Social service officials in the area said Rio Bend holds promise for helping some foster kids. "This is really unique," said Sam Sipes, president of Lutheran Social Services, the largest provider in Texas of residential services for foster children. His group will screen and place kids at Rio Bend. "The idea behind Rio Bend is it would be a permanent placement for a child," Sipes said. The lack of a consistent home and a supportive community is a serious drawback for the current foster care system in Fort Bend County, which Rio Bend would work to correct. "Those kids typically get bounced from foster family to foster family," and often show up at a new foster home with all their belongings in a trash bag, Sipes said. He said the families will be required to pay rent to live in the 4,000-square-foot homes with seven bedrooms, but it will be far below the market rate.

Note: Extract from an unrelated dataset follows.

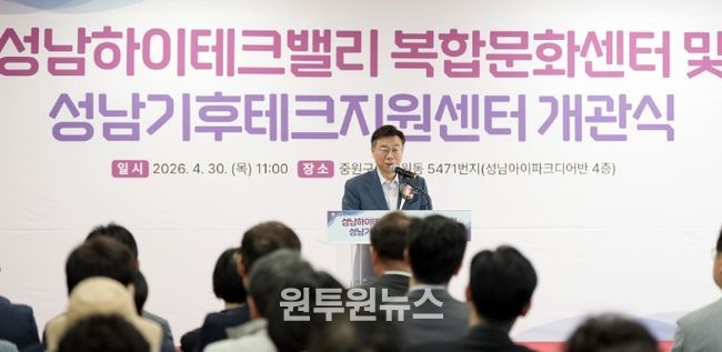 (원투원뉴스) 성남시가 산업단지 내 공공지원 기능을 강화하고 근로자 복지 증진과 기후테크 산업 육성을 위해 조성한 ‘성남하이테크밸리 복합문화센터’와 ‘성남 기후테크지원센터’가 4월 30일 오전 11시 개관식을 열고 본격적인 운영에 들어갔다.
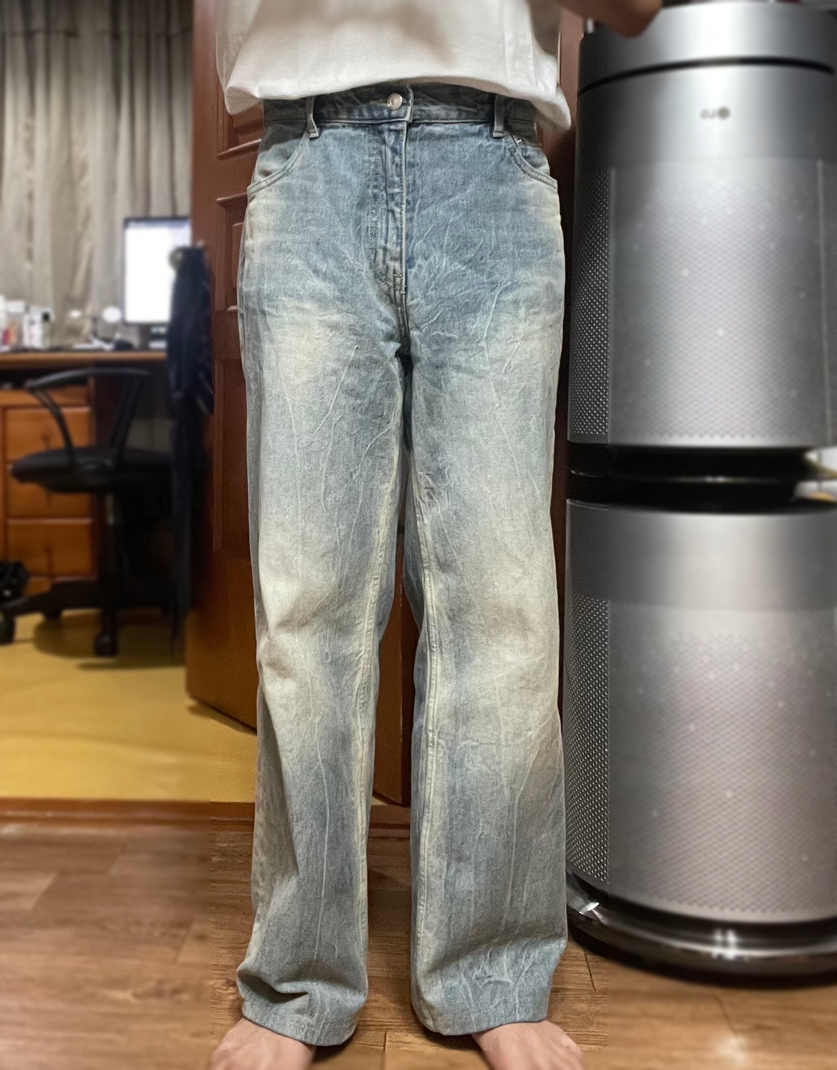 색상은 연청색상이며 밝은 옷, 어두운 옷 가리지 않고 어렵지 않게 코디를 할 수 있습니다.전반적으로 세로줄 워싱이 들어가 있어서 흔치 않은 디테일을 느낄 수 있습니다.무난한 상의와 매치해도 포인트가 되어주어서 치트키라고 할 수 있을 것 같습니다.디테일이 과하다면 과한 바지인데, 코디까지 쉽다니 더할 나위 없다고 생각합니다.

Typical of DeLay's ethical controversies, even the long-awaited construction at Rio Bend comes with a subplot. The construction company at Rio Bend is Perry Homes. Perry Homes is run by Bob Perry, a major financier of Swift Boat Veterans for Truth. Jenkins said Perry will be paid $26 million if all the construction at Rio Bend goes forward. A Perry spokesman told the Times that he was building the homes at cost. Perry has also donated $44,000 to DeLay and one of his political action committees over the last three election cycles, according an analysis of campaign-finance data for Salon by the Center for Responsive Politics. Perry also donated another $10,000 to DeLay's legal defense fund, DeLay's personal financial-disclosure reports show.
The DeLay Foundation's fundraising is not the first time the congressman's charitable work has come under scrutiny. After some unflattering press, DeLay scuttled a charity event dubbed "Celebrations for Children" that had been set for the Republican National Convention last summer. Bad publicity for the event focused on late parties, yacht cruises and gatherings with lawmakers in luxury suites for donors willing to fork over a half million dollars. The money was supposed to go to the DeLay Foundation for Kids. DeLay's spokesman, Dan Allen, told me that the Celebrations for Children charity is dormant.

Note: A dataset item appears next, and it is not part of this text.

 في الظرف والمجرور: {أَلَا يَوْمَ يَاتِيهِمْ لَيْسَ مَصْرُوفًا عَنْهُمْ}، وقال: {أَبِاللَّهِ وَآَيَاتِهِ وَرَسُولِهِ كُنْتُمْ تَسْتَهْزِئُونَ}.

Charity fundraising among politicians is bipartisan, of course. Arkansas Democrat Sen. Blanche Lincoln was set to host "Rockin' on the Dock of the Bay" at the Democratic Convention in Boston last summer. Donors were asked to pony up as much as $100,000 to hang out with Democrats at the event, meant to benefit the National Childhood Cancer Foundation. It too was called off after bad publicity. Senate Majority Leader Bill Frist also raised a few eyebrows in the nonprofit world by raising money for his AIDS-related World of Hope charity from donors at a gala during the Republican National Convention.

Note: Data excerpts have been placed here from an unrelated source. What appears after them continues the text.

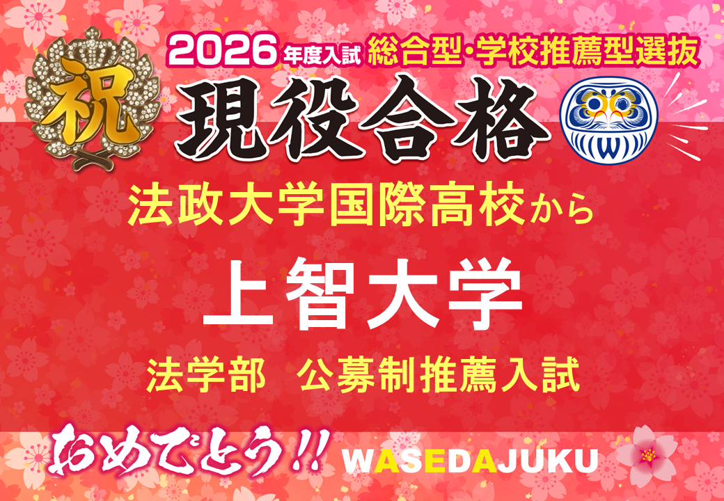 【2026年度入試 現高3生】法政大学国際高等学校から、上智大学法学部法律学科へ公募制推薦入試で現役合格!
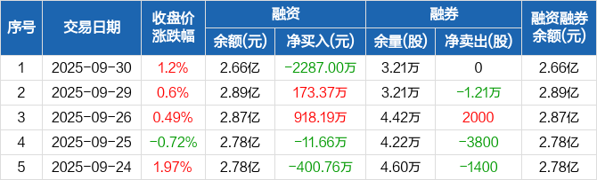 博云新材:融资净偿还2287万元,融资余额2.66亿元(09-30)
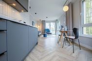 Zu zweit und umgeben von allem Komfort die Nähe zur Ostsee genießen: Dafür wurde das Ferienappartement 3 gemacht. Dort warten angenehm und modern designte Räume auf Sie. Mit einer voll ausgestatteten Küche und einem Esstisch für zwei. Der große Eckbalkon zeigt nach Südwesten, für viel Sonne. Öffnen Sie seine Schiebetüren und erweitern Sie komfortabel den Wohnbereich, der mit bequemen Sitzmöbeln und einem Flatscreen-TV für gemütliche Abende ausgestattet ist.
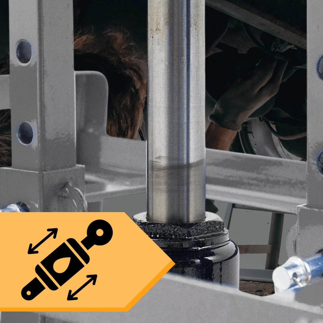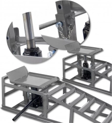 Ťažké oceľové profily zabezpečujú stabilitu a dlhú životnosť. Skrutkové a hydraulické prvky umožnia jemné doladenie výšky a bezpečné zaťaženie.

Some political observers worry that the end of such events -- helping kids -- is not necessarily justified by the means -- politicians hobnobbing with corporate donors -- which can look like a degradation of the political process, typical as such networking is in Washington. While charity fundraising can certainly accomplish good things for good causes, critics say the blending of politics, money and charity is a bad mix. "I think charitable activity is great," said Fred Lewis, president of Campaigns for People, a nonpartisan nonprofit group seeking to ease what he says is the sway of special interests in Texas politics. "But it appears to me that political leaders are getting involved so they can get the good glow from being part of charitable giving, and the corporations are giving for access and influence. I think it is bad for charities and bad for the political process."